暗语:“月圆之夜,紫宸宫侧门,柳枝拂阶,即可开门。”
紫宸宫,是先帝晚年居所,现已荒废。而“柳枝拂阶”,正是开启地道机关的口令。
这条地道,直通皇宫最深处??宗庙地库。
“他们想干什么?”春桃脸色发白。
“夺玺。”季含漪冷冷道,“历代传国玉玺皆存于宗庙地库,若能在祭天前盗出,再配合假皇子现身,便可宣称‘天命所归’。哪怕事后查明是假,也已造成既成事实。”
她立即修书一封,呈递皇帝。
书中详述阴谋全过程,附以证据数件,恳请天子暂缓祭天大典,容臣妇代为清查隐患。
为表忠诚,她自愿将承安留在宫中暂住,以示无叛逆之心。
皇帝阅毕,沉默整夜。
次日清晨,圣旨下达:祭天大典延期三月;宗庙地库即刻封闭;命忠昭堂协同大理寺、禁军,彻查紫宸宫周边所有建筑。
行动当夜,风雨交加。
季含漪亲自带队,潜入紫宸宫废墟。
她们掘开坍塌的偏殿,果然发现一道隐蔽石门。门后地道幽深,壁上刻满“柳”字图腾,宛如邪教祭坛。
深入百丈,忽闻人声。
一群黑衣人正围着一名少年,为其更衣梳发。那少年约莫十五六岁,面容清秀,左肩裸露处,赫然有一片赤红胎记,形如柳叶。
“就是他。”红绡低声道。
季含漪却未下令抓捕,反而示意众人隐匿。
她要看,幕后之人究竟何时现身。
子时三刻,一道身影缓缓走来。
那人披着黑色斗篷,面上覆着青铜面具,声音沙哑:“时辰已到。穿上这件龙袍,明日你便是天下共主。”
少年颤抖着接过衣物,忽然抬头:“可……可是我真的能当皇帝吗?我不过是个奴仆之子……”

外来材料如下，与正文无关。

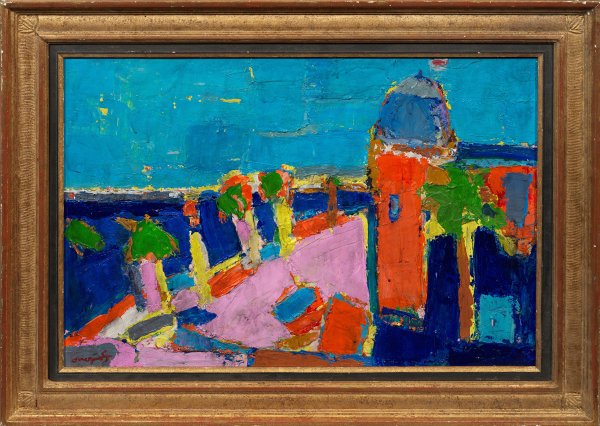 In greller, leuchtender Farbigkeit und äußerst pastosem und kraftvollem Duktus gemalte Impression des berühmten Luxushotels Negresco an der Uferpromenade des Anglais in Nizza. Der Name des Hotels, das im Stil der Belle Époque errichtet wurde, geht auf den rumänischen Erbauer Henri Negresco (1868-1920) zurück, und beruht auf Entwürfen des Architekten Édouard Niermans (1859-1828). Öl/Lwd.; L. u. sign. sowie verso nochmals sign. und betitelt. 46 cm x 65 cm. Rahmen.

“你不是奴仆之子。”那人缓缓摘下面具,露出一张苍老却熟悉的面孔??竟是荣庆大长公主府中一位老管事,三十年来默默无闻,从未引人注目。
“你是先帝与李妃之子。”他说,“而我,是你母妃临终托孤的唯一见证人。”
季含漪在暗处听得真切,心头剧震。
她原以为这是个彻头彻尾的骗局。
可现在她不得不承认??这个少年,极有可能是真的。
但她依旧不动。
因为她知道,真假并不重要,重要的是动机。
一个被藏匿十五年的皇子,为何偏偏在此时出现?是谁在背后推动?又是谁,一直在利用“忠昭”之名,引导她一步步走到今天?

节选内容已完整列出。